Figure 7. EVI1-overexpressing cells harboring centrosome aberrations show low Ki-67 levels. (A) Parental U2OS cells, uninduced (-TET) and induced (+TET) U2OS cells conditionally overexpressing EVI1-HA were harvested 72 h after induction of transgene expression and immunostained for γ-tubulin (green) and Ki-67 (red). DNA was counterstained with DAPI (blue). Scale bars represent 10 µm. Insets show centrosomes at higher magnification. (B) U2OS cells conditionally overexpressing EVI1-HA were left untreated (-TET) or induced to express the transgene for 72 h (+TET). Parental U2OS cells were grown in parallel. Following immunostaining as in (A), percentages of cells with more than two2 centrosomes were quantified and given in relation to the Ki-67 staining intensity in 3 × 100 cells per data bar. ***, all indicated differences are highly significant (p < 0.0001).

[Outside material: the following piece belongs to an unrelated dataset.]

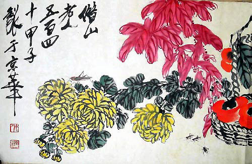 6,墨彩騰發的“單色畫法”。(單純、明快的裝飾風格)齊白石在設色方面的成功,除了善于吸取民間藝術的養分,敢用大紅大綠。能夠“從俗”,同時又知法善變。擅于結合和發揚傳統筆墨技法的長處。充分發揮水對色、墨的巨大作用及有機聯系。

Figure 8. EVI1 overexpression interferes with proliferation and induces a negative feedback loop. (A) Of parental U2OS cells, uninduced (-TET) and induced (+TET) U2OS cells conditionally overexpressing EVI1-HA, a measure of 200,000 cells per dish was seeded. At the indicated time points, cells were harvested and counted again to determine proliferation rates. Results are given as mean absolute numbers of cells from two experiments. ***, this difference is highly significant (p = 0.00035). **, these differences are significant (p < 0.009). (B) In U2OS cells conditionally overexpressing EVI1-HA, transgene expression was induced for the indicated times, and tetracycline-containing medium was renewed every 48 h. Using 70 µg of protein extract per lane from induced cells (+TET) or uninduced controls (-TET), immunoblots for HA and the loading control actin were prepared.